Shortest Microlensing Event with a Bound Planet: KMT-2016-BLG-2605

TL;DR

This paper analyzes the shortest microlensing event with a bound planet, revealing that such events likely involve very low-mass hosts near the hydrogen-burning limit, and discusses methods to expand the sample for better understanding.

Contribution

It presents the first detailed analysis of the shortest planetary microlensing event, suggesting a population of very low-mass hosts and proposing techniques to identify more such events.

Findings

Six of seven short planetary events have similar Einstein radii and proper motions.

These events are consistent with a population of very low-mass hosts near the hydrogen-burning limit.

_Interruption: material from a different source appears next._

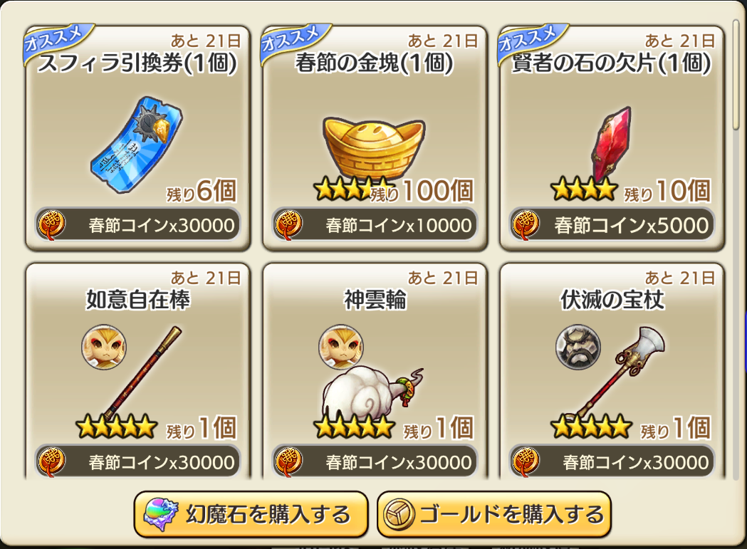 2021/02/02 21:24 公開 えぐくない?もとは無料だよね? 雑日誌 春節交換アイテム、全部取らせる気がないように見える。クエあったらほぼ無料でもらえたのにこんなのあんまりだ!! ヤマト リンクをコピーしました 前の旅日誌 旅日誌一覧 次の旅日誌 コメント 1 柊朱鷺 ID: ugj8eu8z6bpb 奈落の交換アイテムにメダル1個で交換できるコイン袋が追加されていますのでそちらを試してみてはいかがでしょうか(すみませんが私はまだ開けてないのでどれぐらいコイン手に入るかわかりません)。 2021/02/02 21:27 2 ヒメクイナ ID: z7pxunh8thkb ハッカイの☆5サブだけでも頑張って手に入れれば…チャットでアイコンを変えて遊べます! 2021/02/02 22:26

The paper discusses methods to expand the sample and distinguish genuine planets from brown dwarfs.

Abstract

KMT-2016-BLG-2605, with planet-host mass ratio $q=0.012\pm 0.001$, has the shortest Einstein timescale, $t_\e = 3.41\pm 0.13\,$days, of any planetary microlensing event to date. This prompts us to examine the full sample of 7 short ($t_\e<7\,$day) planetary events with good $q$ measurements. We find that six have clustered Einstein radii $\theta_\e = 115\pm 20\,\muas$ and lens-source relative proper motions $\mu_\rel\simeq 9.5\pm 2.5\,\masyr$. For the seventh, these two quantities could not be measured. These distributions are consistent with a Galactic-bulge population of very low-mass (VLM) hosts near the hydrogen-burning limit. This conjecture could be verified by imaging at first adaptive-optics light on next-generation (30m) telescopes. Based on a preliminary assessment of the sample, "planetary" companions (i.e., below the deuterium-burning limit) are divided into "genuine planets", formed in their disks by core accretion, and very low-mass brown dwarfs, which form like stars. We discuss techniques for expanding the sample, which include taking account of the peculiar "anomaly dominated" morphology of the KMT-2016-BLG-2605 light curve.